My input was that the object was not maximum possible backup performance, but rather high backup performance while still providing a SQL Server responsive to user queries. This can be achieved by looking for the knee in the IO MB/s and latency. This is where about 85-90% of peak IO is achieved, but the disks are at queue depth 1 in latency characteristics.
You might think all this is moot with SSD storage, except that most consumer grade SSDs have a bathtub performance characteristics. Pure sequential (large block) read performance is great (550MB/s) and so it pure large block write, possibly 300-400MB/s, until the ready blocks are exhausted. But the performance with a mixed read/write sucks.
It does not make sense to buy high performance enterprise SSDs for you laptop or even desktop. So the strategy of one SSD for data and another for the backup destination makes sense.
Consider a NVMe PCI-E SSD for the data (up to 3.5GB/s) and a SATA SSD for backup (400MB/s) on the assumption that your data might be 3-4:1 compressible. This is not an optimal match, but not many notebooks accommodate 2 PCI-E NVMe SSDs.

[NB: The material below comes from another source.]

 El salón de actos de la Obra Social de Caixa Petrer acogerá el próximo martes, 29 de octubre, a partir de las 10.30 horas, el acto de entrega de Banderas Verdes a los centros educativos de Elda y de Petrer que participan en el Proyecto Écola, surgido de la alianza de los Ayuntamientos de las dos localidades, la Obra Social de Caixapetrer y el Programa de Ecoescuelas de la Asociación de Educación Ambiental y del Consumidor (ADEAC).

Thanks for those details, Joe!
I performed this test on a server that I am preparing for production. It had the ideal conditions, nothing else being done on the server other than this test. I started with the master database. It took about 30 minutes to complete. The results were inconclusive and look similar to your results.

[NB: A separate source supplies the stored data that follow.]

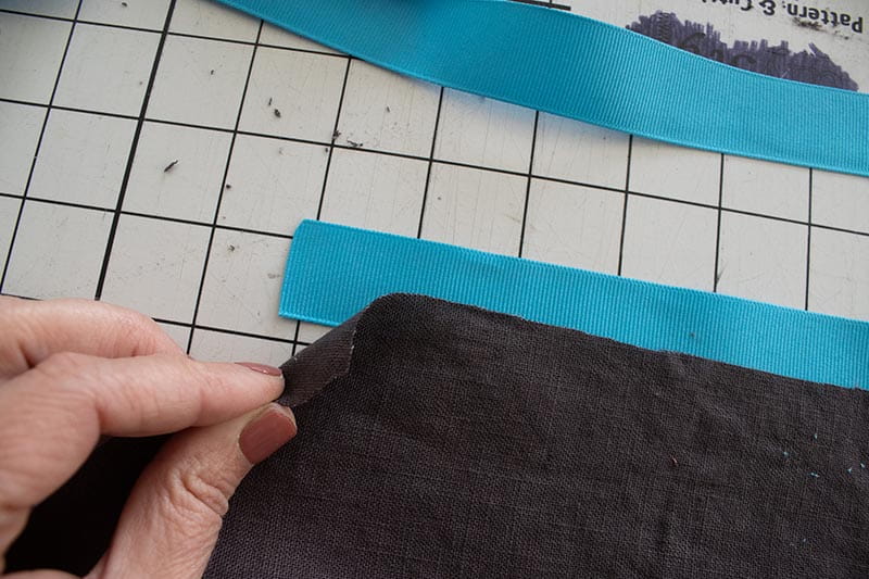 Now it’s time to begin finishing all the raw edges. Start by adding ribbon or bias tape to the longest edge. The bottom curved one. Fold the ribbon in half and sandwich the fabric in the center. If you are using bias tape, it will already have a fold to place around the fabric. Pin or clip in place.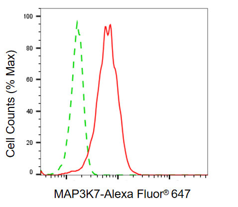 • Flow cytometric analysis of MAP3K7 expression in HeLa cells using MAP3K7 antibody. Green, isotype control; red, MAP3K7.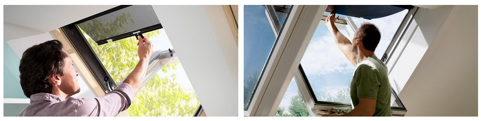 - Można łączyć z innymi roletami wewnętrznymi VELUX jako element dekoracyjny lub w celu zaciemnienia czy ochrony przed owadami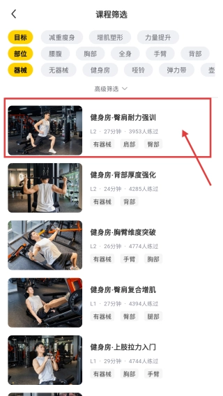 在课程筛选页面,找到并点击“健身房-臀肩耐力强训课程”,即可进入该课程的详情页面。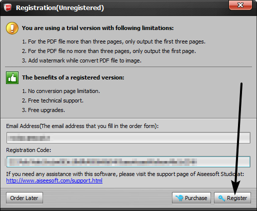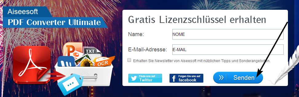 Per ottenere una licenza gratuita di Aiseesoft PDF Converter Ultimate, andare in questa pagina e inserire il nome e la vostra e-mail.
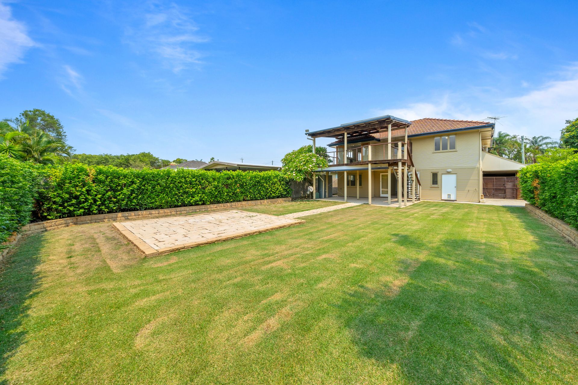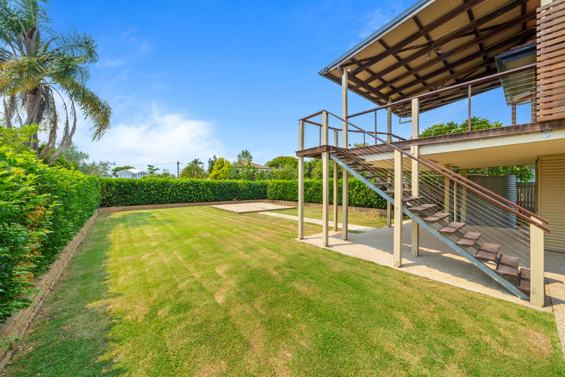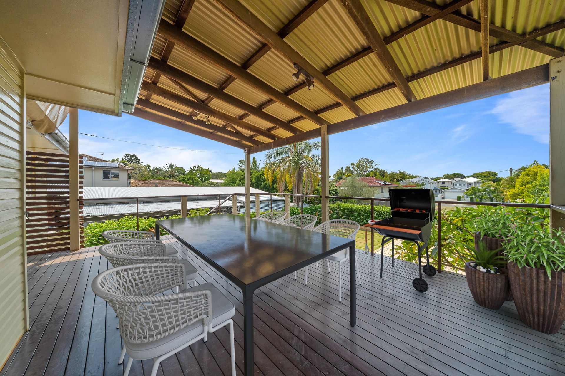 > The rear covered deck with access from the kitchen and external stairs to the backyard is an excellent spot for outdoor entertaining, with ample space for outdoor furniture and a BBQ.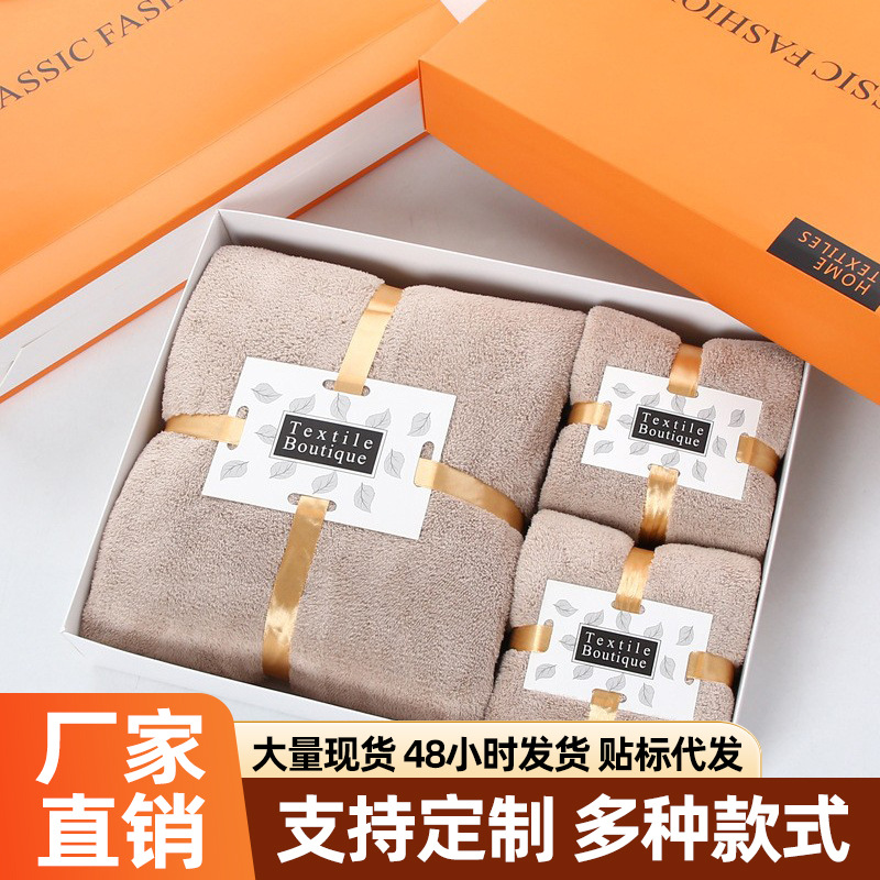 純綿ギフトタオル3点セット、コーマ綿バスタオル、ロゴ刺繍入りギフトボックス入りタオルセット、カスタムメイド越境タオルセット
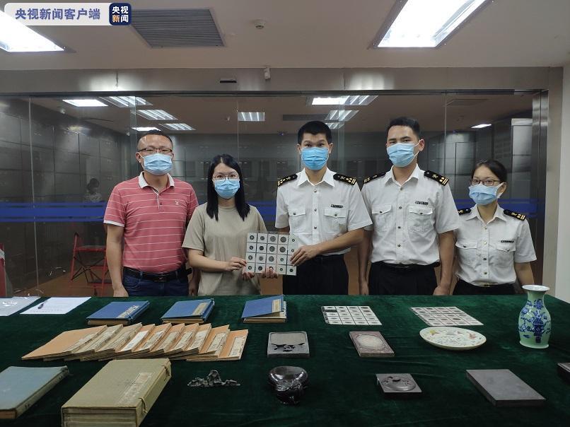 据了解,这批文物是近年来广州海关从进出境旅检、寄递渠道查获的部分走私文物,主要是清代和民国时期的文物,包括59枚古钱币、15本书画本、5件砚台、1件粉彩花碟纹盘、1件豆青青花博古纹瓶、1件笔架、1件木质盒。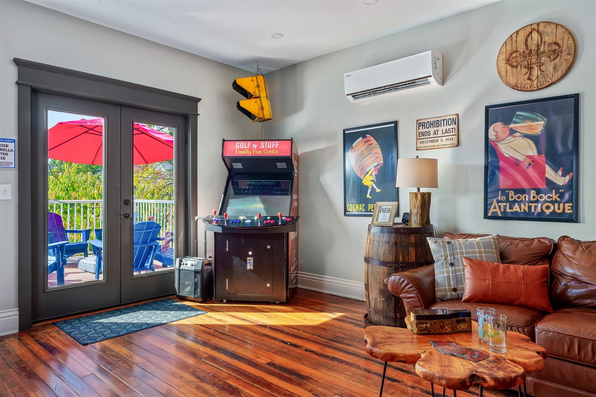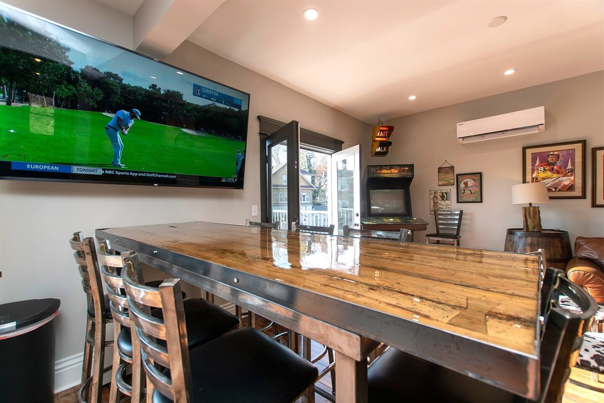 Located on the main strip (Bardstown Road) in the heart of Louisville's Highlands District. The house was built to host large groups. We love love love bachelor and bachelorette groups!! Plenty of space for everyone with six bedrooms eight beds (4 of them KING) and three and half baths. It has a huge deck with BBQ overlooking the strip attached to an open kitchen/living room. You are in walking distance to tons of restaurants/shopping and next door is a bar that is also next to liquor store! The bar next door has karaoke until 2:00 AM Friday and Saturday nights!! We have everything you need to have fun. Oh, and did we mention our Bourbon Lounge has a 75in 4KTV and Golden Tee?! What else do you need to have a great time in Louisville???

Next, I preformed the test against a 10GB database. It ran for about 8.5 hours before I lost my connection to SQL. As it was running, I was examining the results being produced. Backups were running from as low as 30 seconds, but as long as a minute.
I realized that my tests were not in a completely isolated environment. My destination for the backups are on a NAS over the network. I was seeing variances that I could correlate to other activity on the NAS. Although I do not have a way to correlate network activity, I am sure it had some effect on the tests. As a result of these factors, for a valid test, I would need to either find a way to completely isolate my tests or perform this test many times to get a good average.
The methodology of measuring the time difference between times captured before and after seems like a reasonable method. The backup command produces a summary at the completion of the process. An example: “BACKUP DATABASE successfully processed 1100203 pages in 53.911 seconds (159.435 MB/sec).” The time difference in this example was 54193ms. That’s a difference of 300ms. In the tests that I performed, I have seen as high as almost 500ms difference. For a small database, such as master, this difference it large enough to skew the results. The test would need to be performed against a database that is large enough that a 500ms skew is trivial.
Based on my limited testing, I believe the size of the database has an effect on the optimum backup settings. I would want to test against sizes such as 10GB, 100GB, 500GB, and 1TB. But, this would probably take weeks of testing. Capturing the three metrics the backup command produces in its summary would be great for analysis.
Thanks for your time and effort you put into writing the test script and this article! Although I discovered problems in the methodology, it was a good exercise and a great learning opportunity!
Great points, and thanks for the reply. Yes, bigger databases are definitely a must for reducing errors in timing.